The Pros and Cons of Scatterplots

by Drew Skau 1 year ago Filed Under: Design

Scatterplots may not be used too often in infographics, but they definitely have their place. They can show large quantities of data and make it easy to see correlation between variables and clustering effects. As a quick overview and analytical tool, scatterplots are invaluable and work with almost any continuous scale data.

Unfortunately, scatterplots aren’t always great for presentation. Several problems occur frequently, and it’s best to be aware of each when using scatterplots for analysis or presentation.
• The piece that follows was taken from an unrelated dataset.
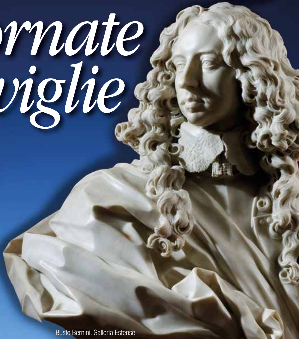
Busto Bernini. Galleria Estense
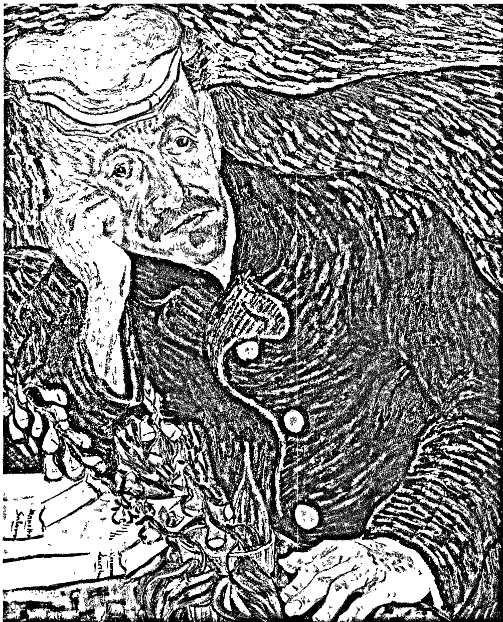
文生·梵谷(Gogh, Vincent van)所繪充滿愁容的「醫生」。

從心理學上講，個體心理嚴重失調是一種強烈的痛苦，它促使個人必須通過某種活動來擺脫。通過藝術來求得一種補償性的滿足，愛倫波曾經說過：「詩不是目的，而是一種激情」。創傷性的經驗造成個體與現實生活的差距或是不平衡，而孤獨的情境，更使得藝術家能夠體會自身的

A scatterplot works by placing one dimension on the vertical axis and a different dimension on the horizontal axis. Each piece of data is represented by a point on the chart. Variations on scatterplots introduce differently shaped or colored points for categories and differently sized points for quantitative data. Occasionally, people use pie charts as the points in scatterplots to show even more data with a part-whole relationship.

 
The major cause of problems with scatterplots is discretization of values. This happens when decimal places are rounded off, measurements are not accurate enough, or a data field is categorical. The scatterplot below uses a standardized dataset about cars. The problems with this scatterplot all derive from the x-axis; number of cylinders. There are so few values that cylinders is really a categorical scale being represented using numbers. This causes overplotting problems so there are hundreds of values all stacked on top of each other. This makes it difficult to see the full quantity of values in the dataset, and correlation and clustering is harder to find with so few possible values on the x-axis.

 
If you are dead-set on a scatterplot, there is not much you can do to remedy such a severe case of discretization, but in slightly better cases, there are some possible fixes. Translucency is a powerful tool for dealing with overplotting. Another possible mitigation technique is removing the fill of the mark. Both methods have advantages and disadvantages, and the combination of the two can also be useful.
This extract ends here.